Task details
Could every line of the listing be output exactly, with the pictures skipped?

Given material
-------

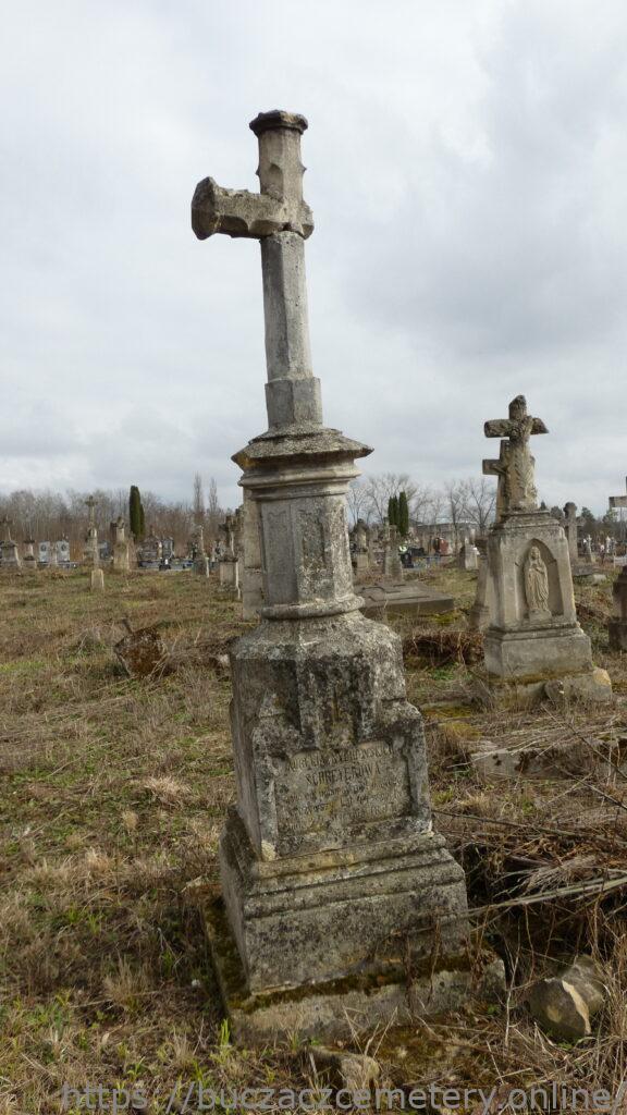 Місце поховання позначено хрестом на триступеневому постаменті та підставі. Хрест із восьмикутними раменами, з виступами та пірамідальними прикріпленнями, на постаменті. Перша сходинка цоколя з профільованими верхніми краями. Друга сходинка цоколя з прямокутним підвищенням, що переходить у восьмерик, обрамлений з чотирьох сторін невеликими пірамідками. Спереду розташована панель, що повторює форму другої сходинки цоколя із загостреними верхніми кутами. На ньому вигравіюваний напис. Третя сходинка цоколя у вигляді восьмигранної башточки з сильно навантаженим карнизом. З боків розташована зерниста панель із загостреними верхніми кутами.
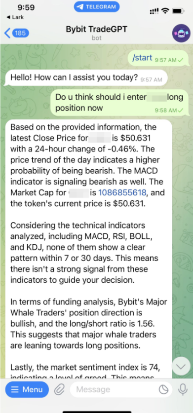 Akses Mudah dan Analisis Ahli: Terhubung langsung dengan TradeGPT di Telegram untuk akses mudah data waktu nyata dari Bybit, dikombinasikan dengan analisis data mutakhir untuk analisis mendalam.
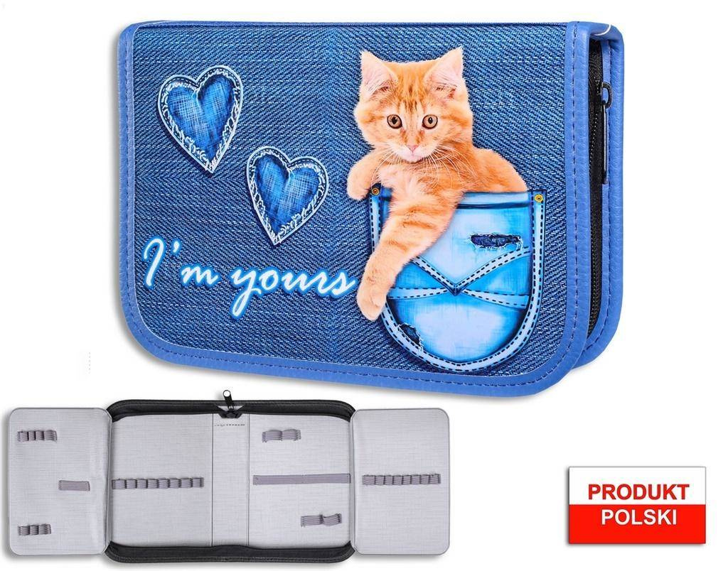 Piórnik twardy z 2 klapkami w środku wykonany z kodury, ozdobiony obrazkiem przedstawiającym kota. W środku piórnika znajdują się gumki umożliwiające trzymanie długopisów. Piórnik o wymiarach 20x14x5[cm]. Piórnik bez wyposażenia.

-------

Response to this task
 Місце поховання позначено хрестом на триступеневому постаменті та підставі. Хрест із восьмикутними раменами, з виступами та пірамідальними прикріпленнями, на постаменті. Перша сходинка цоколя з профільованими верхніми краями. Друга сходинка цоколя з прямокутним підвищенням, що переходить у восьмерик, обрамлений з чотирьох сторін невеликими пірамідками. Спереду розташована панель, що повторює форму другої сходинки цоколя із загостреними верхніми кутами. На ньому вигравіюваний напис. Третя сходинка цоколя у вигляді восьмигранної башточки з сильно навантаженим карнизом. З боків розташована зерниста панель із загостреними верхніми кутами.
 Akses Mudah dan Analisis Ahli: Terhubung langsung dengan TradeGPT di Telegram untuk akses mudah data waktu nyata dari Bybit, dikombinasikan dengan analisis data mutakhir untuk analisis mendalam.
 Piórnik twardy z 2 klapkami w środku wykonany z kodury, ozdobiony obrazkiem przedstawiającym kota. W środku piórnika znajdują się gumki umożliwiające trzymanie długopisów. Piórnik o wymiarach 20x14x5[cm]. Piórnik bez wyposażenia.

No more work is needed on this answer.